E che la paura della morte, del tempo continui a correre sul filo della storia lo dimostra la persistenza e proliferazione dei muri in tutto il pianeta dopo la caduta di quello di Berlino. Oggi nel mondo secondo una stima della geografa Elisabeth Vallet sono 77, secondo la rivista Nigrizia 78. A questi dovrebbero aggiungersi quelli virtuali, elettronici, informatici, che molti Stati erigono per sbarrare in entrata e in uscita l’informazione via Internet.

Ecco un sintetico elenco di muri, barriere, fili spinati, linee militarizzate nel mondo:

Africa: Botswana/Zimbabwe; Sudafrica/Mozambico; Marocco/Sahara Occidentale; Ceuta/Melilla; Kenya/Somalia; Egitto/Striscia di Gaza; Israele/Palestina.

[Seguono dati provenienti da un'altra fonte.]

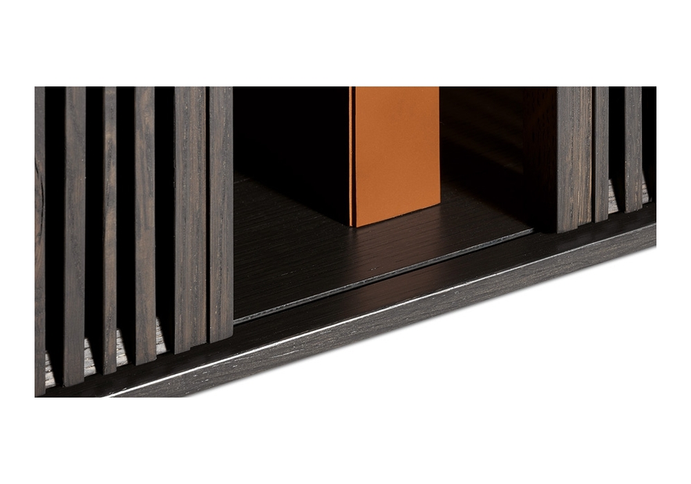 Lloyd designed by Jean-Marie Massaud for Poltrona Frau is a sideboard with variable geometries. A series of thin vertical wooden rods form light grids that run from top to bottom on invisible horizontal guides. Each grid can be moved as desired creating diff erent sequences each time. A fluctuating score of solids and voids, of light and shade.

Europa: Grecia/Turchia; Cipro; Bulgaria/Turchia; Ungheria/Serbia/Croazia; Austria/Slovenia; Norvegia/Russia; Repubbliche Baltiche/Russia; Belfast e Derry in Irlanda; Calais in Francia. Padova, quello di Via Anelli in demolizione e quello nuovo di Via Bernina.

Americhe: Stati Uniti/Messico; Lima, Perù; San Paolo, Brasile.

Asia: India/Bangladesh; India/Pakistan; Thailandia/Malesia; Corea Nord/Sud; Arabia saudita/Yemen; Arabia/Iraq; Iraq/Kuwait; Iran/Pakistan/Afghanistan.